[Source records]
###
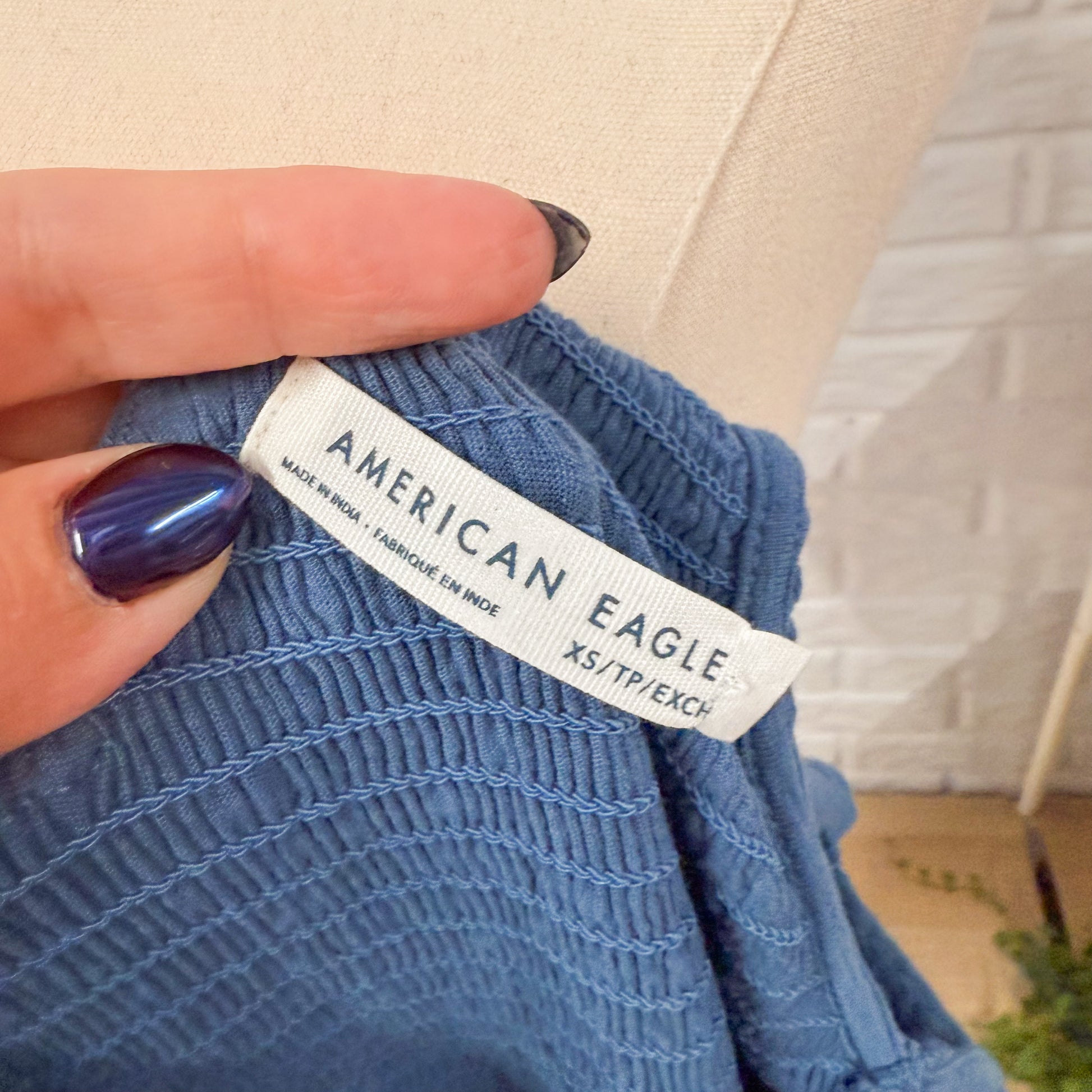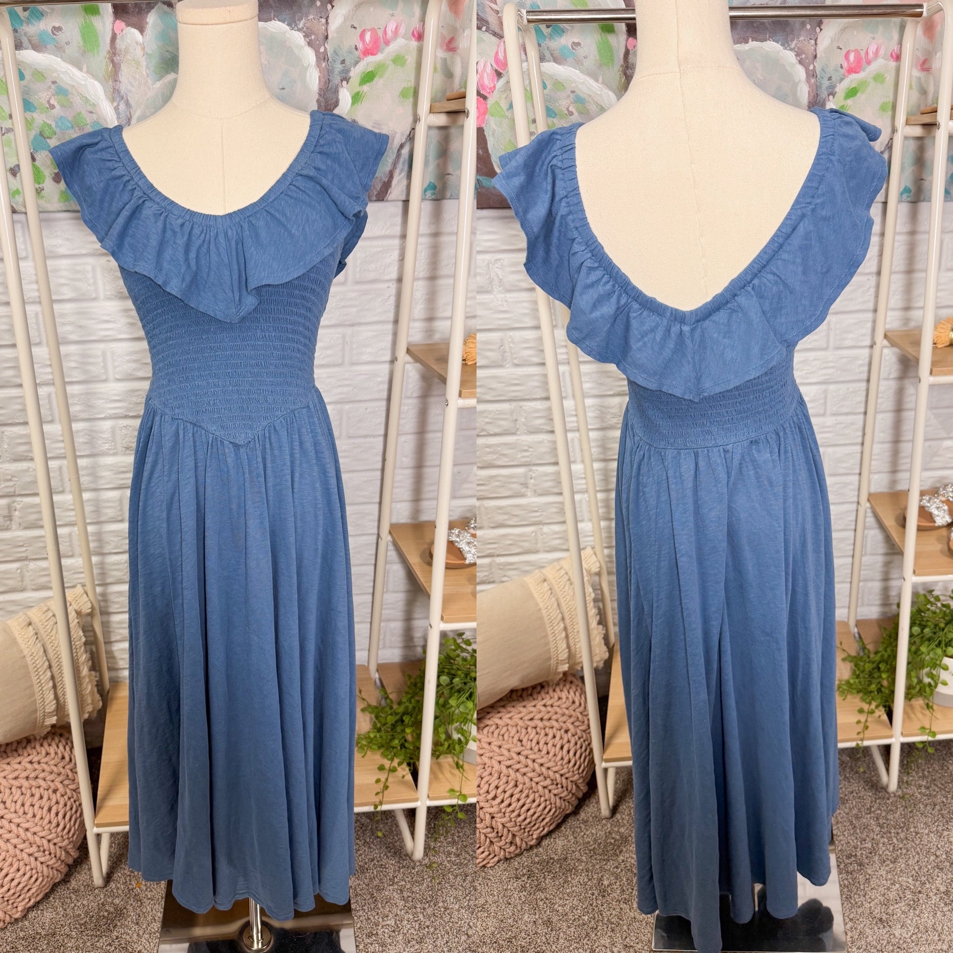 A blue midi dress with a ruffle scoop neckline, smocked bust, and flowy skirt.
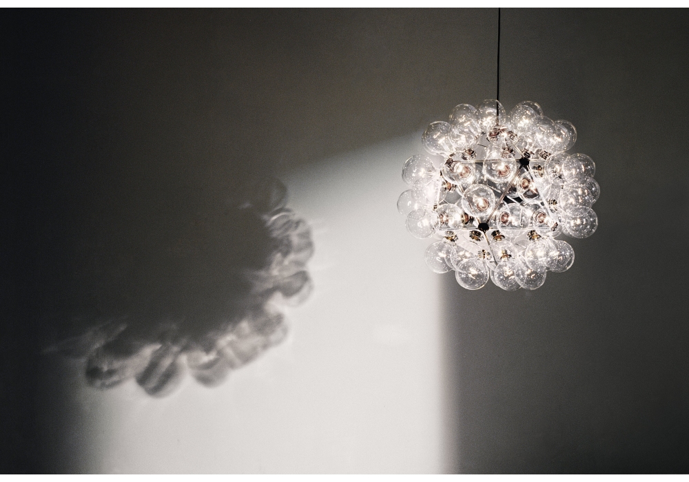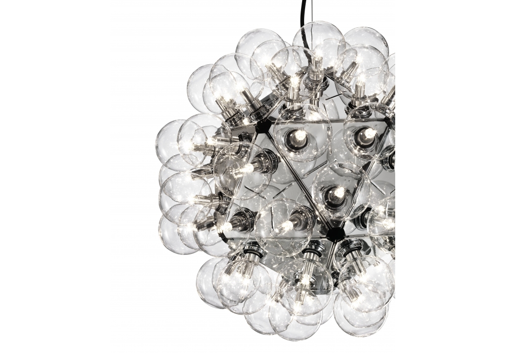 Taraxacum 88 S1 firmato da Achille & Pier Giacomo Castiglioni per Flos è un apparecchio di illuminazione a sospensione a luce diretta e riflessa. Struttura composta da 20 triangoli in alluminio lucidato stampato. 60 lampadine Globolux chiare, alloggiano attorno alla struttura. Attacco a soffitto e rosone di acciaio. Regolabile da remoto (dimmer non incluso). Lampadine incluse.
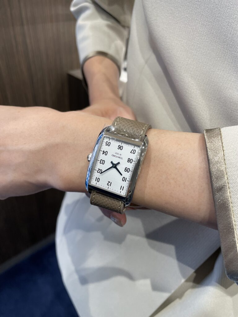 いかがですか?なかなか引き通しのベルトはないのでビックリされる方も多いと思います😊今回ご紹介したN.001だけでなく、トムフォードの時計はどのタイプも引き通しになっているのでとても便利です🙆♀️そして着用写真もご覧ください👇
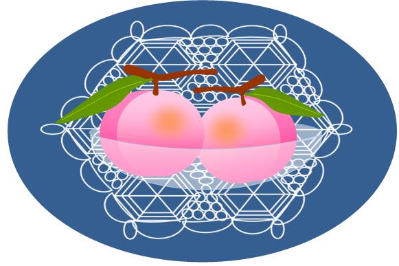 いちごちゃんのレースの敷物と桃 |
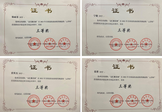 2021年11月7日,由中国商业经济学会,中国国际商会商业行业商会,中国国际贸易促进委员会商业行业委员会联合主办的2021年全国高校商业精英挑战赛“云泽杯”营销模拟决策竞赛全国总决赛落下帷幕,我校学生今年首次参与该赛事,喜获佳绩。经过激烈的角逐和知识赛、预赛的两轮淘汰,由我院2001级人力资源管理专业郑雨菲、文化产业管理专业宁秘和贲世杰、市场营销专业姜菁四名学子组成的文汇路首府队伍从全国各队中脱颖而出,荣获全国总决赛三等奖。
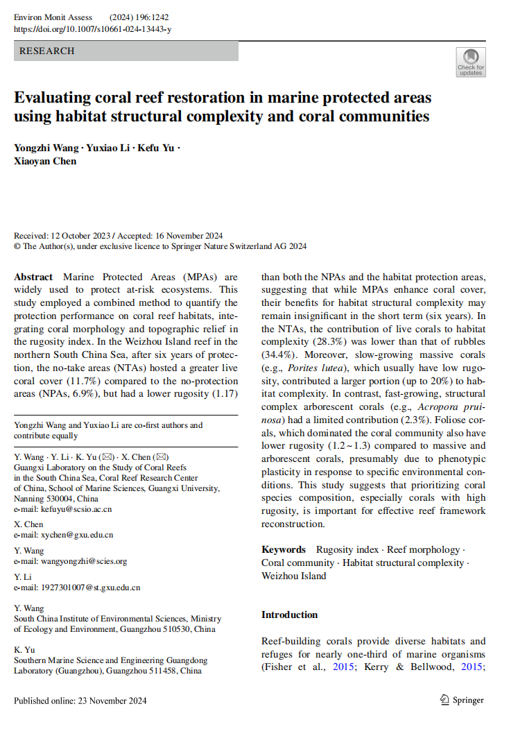Wang Yongzhi, Li Yuxiao, Yu Kefu*, Chen Xiaoyan*. Evaluating coral reef restoration in marine protected areas using habitat structural complexity and coral communities. Environmental Monitoring and Assessment 196, 1242 (2024). https://doi.org/10.1007/s10661-024-13443-y
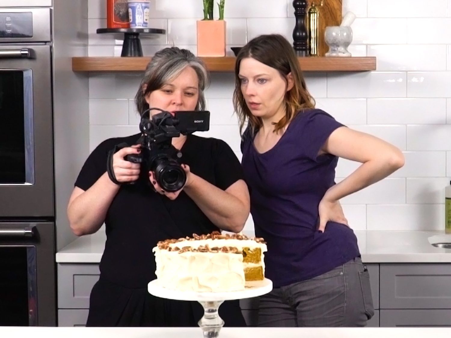 But really, we did more than "make it work." I convinced her that a shot of falling sugar was necessary for the recipe. She trained me to recognize the hallmarks of a perfect crumb, so I could focus on what made a bread or cake or scone successful. While she used to be repulsed at the idea of taking a break from baking even to eat lunch, she now gets as excited as I do to shut down the set for 20 minutes to create a perfectly dark environment for a timelapse of bagels baking in the oven.
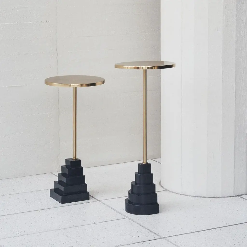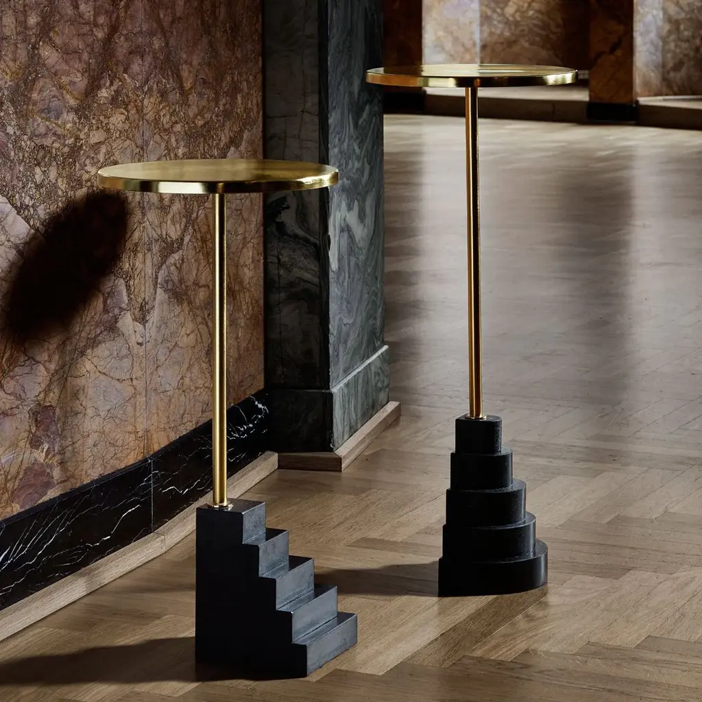 Stunning pieces of furniture often resemble pieces of art. The Solum tables are lovely side tables, they would even be great as console tables in a hallway or a dining area. The unique shape will make them stand out in any room in the home and truly appear as pieces of art. The tables are made of a foot in marble or granite in a graphic design fitted with an elegant table top in black or gold.
###
Goal of the exercise: All the records need to be retyped word for word, except for the pictures.

Answer for the task:
 A blue midi dress with a ruffle scoop neckline, smocked bust, and flowy skirt.
 Taraxacum 88 S1 firmato da Achille & Pier Giacomo Castiglioni per Flos è un apparecchio di illuminazione a sospensione a luce diretta e riflessa. Struttura composta da 20 triangoli in alluminio lucidato stampato. 60 lampadine Globolux chiare, alloggiano attorno alla struttura. Attacco a soffitto e rosone di acciaio. Regolabile da remoto (dimmer non incluso). Lampadine incluse.
 いかがですか?なかなか引き通しのベルトはないのでビックリされる方も多いと思います😊今回ご紹介したN.001だけでなく、トムフォードの時計はどのタイプも引き通しになっているのでとても便利です🙆♀️そして着用写真もご覧ください👇
 いちごちゃんのレースの敷物と桃 |
 2021年11月7日,由中国商业经济学会,中国国际商会商业行业商会,中国国际贸易促进委员会商业行业委员会联合主办的2021年全国高校商业精英挑战赛“云泽杯”营销模拟决策竞赛全国总决赛落下帷幕,我校学生今年首次参与该赛事,喜获佳绩。经过激烈的角逐和知识赛、预赛的两轮淘汰,由我院2001级人力资源管理专业郑雨菲、文化产业管理专业宁秘和贲世杰、市场营销专业姜菁四名学子组成的文汇路首府队伍从全国各队中脱颖而出,荣获全国总决赛三等奖。
Wang Yongzhi, Li Yuxiao, Yu Kefu*, Chen Xiaoyan*. Evaluating coral reef restoration in marine protected areas using habitat structural complexity and coral communities. Environmental Monitoring and Assessment 196, 1242 (2024). https://doi.org/10.1007/s10661-024-13443-y
 But really, we did more than "make it work." I convinced her that a shot of falling sugar was necessary for the recipe. She trained me to recognize the hallmarks of a perfect crumb, so I could focus on what made a bread or cake or scone successful. While she used to be repulsed at the idea of taking a break from baking even to eat lunch, she now gets as excited as I do to shut down the set for 20 minutes to create a perfectly dark environment for a timelapse of bagels baking in the oven.
 Stunning pieces of furniture often resemble pieces of art. The Solum tables are lovely side tables, they would even be great as console tables in a hallway or a dining area. The unique shape will make them stand out in any room in the home and truly appear as pieces of art. The tables are made of a foot in marble or granite in a graphic design fitted with an elegant table top in black or gold.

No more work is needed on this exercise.